Task prompt
Unless a line falls after the one with "From Innsbruck’s city", retype it exactly from the records below; leave out all pictures.

-- The data follows --

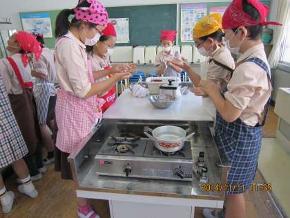 5年生は、家庭科で「家族とほっとタイム」の学習をしています。
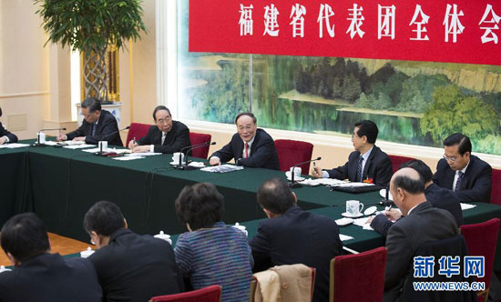 3月6日,中共中央政治局常委、中央纪委书记王岐山参加十二届全国人大三次会议福建代表团的审议。 新华社记者黄敬文摄
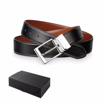 Ceinture en cuir pour hommes avec boucle en métal réversible et livrée dans une boîte-cadeau. Coffret cadeau, Housse en non-tissé
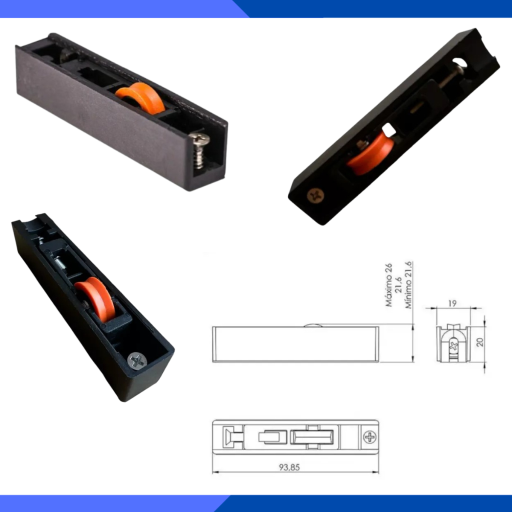 Carrinho Roldana Porta Linha Suprema Simples 50kg Nylon Item: Roldana Linha: Suprema Material: Nylon Peso Suportado: 50kg. Roldana Para Linha Suprema Com Regulagem e Rolamento - ROL-440 A Roldana é muito utilizada em portas, janelas, porta balcão, entre outros. Garante mais durabilidade pois tem o sistema de regulagem e rolamento, trazendo também mais leveza ao movimentar a porta.
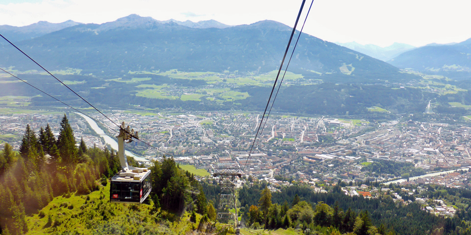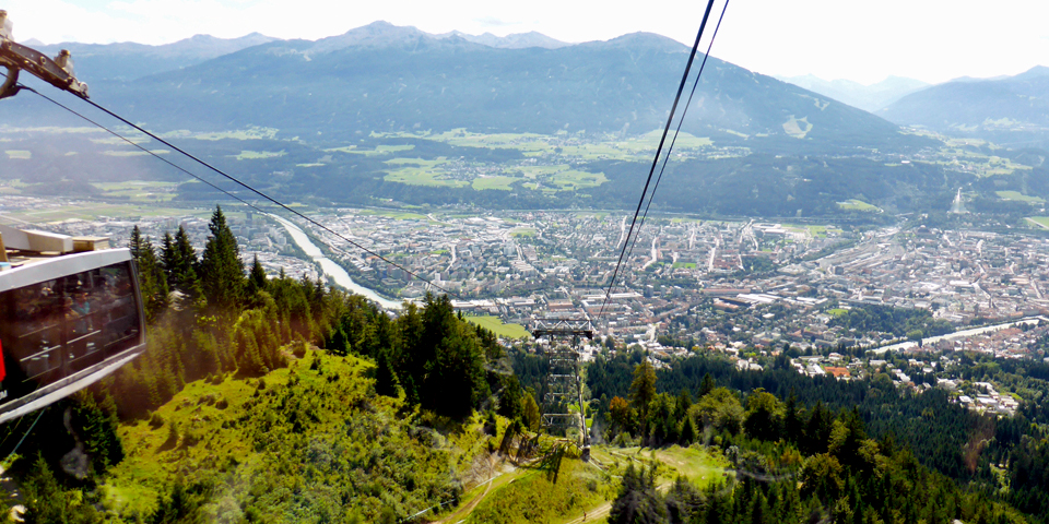 From Innsbruck’s city center it takes just twenty minutes on the new Nordkettenbahnen to ascend 1000’ by funicular to Hungerburg.
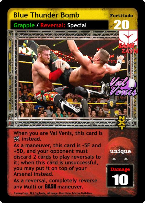 When you are Val Venis, this card is WWE instead. As a maneuver, this card is -5F and +5D, and your opponent must discard 2 cards to play reversals to it; when this card is unsuccessful, you may put it on top of your Arsenal instead. As a reversal, completely reverse any Multi or BASH maneuver.
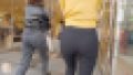 エスカレーターでも止まることなく登ってエロいヒップラインを堪能させてくれる。
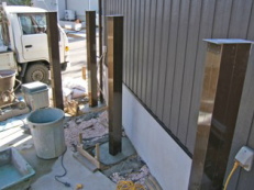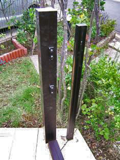![]() 新しい太い柱(左)を、古い柱(右)にすっぽり被せて固定することに。 |

-- The data concluded --

Response
 5年生は、家庭科で「家族とほっとタイム」の学習をしています。
 3月6日,中共中央政治局常委、中央纪委书记王岐山参加十二届全国人大三次会议福建代表团的审议。 新华社记者黄敬文摄
 Ceinture en cuir pour hommes avec boucle en métal réversible et livrée dans une boîte-cadeau. Coffret cadeau, Housse en non-tissé
 Carrinho Roldana Porta Linha Suprema Simples 50kg Nylon Item: Roldana Linha: Suprema Material: Nylon Peso Suportado: 50kg. Roldana Para Linha Suprema Com Regulagem e Rolamento - ROL-440 A Roldana é muito utilizada em portas, janelas, porta balcão, entre outros. Garante mais durabilidade pois tem o sistema de regulagem e rolamento, trazendo também mais leveza ao movimentar a porta.
 From Innsbruck’s city center it takes just twenty minutes on the new Nordkettenbahnen to ascend 1000’ by funicular to Hungerburg.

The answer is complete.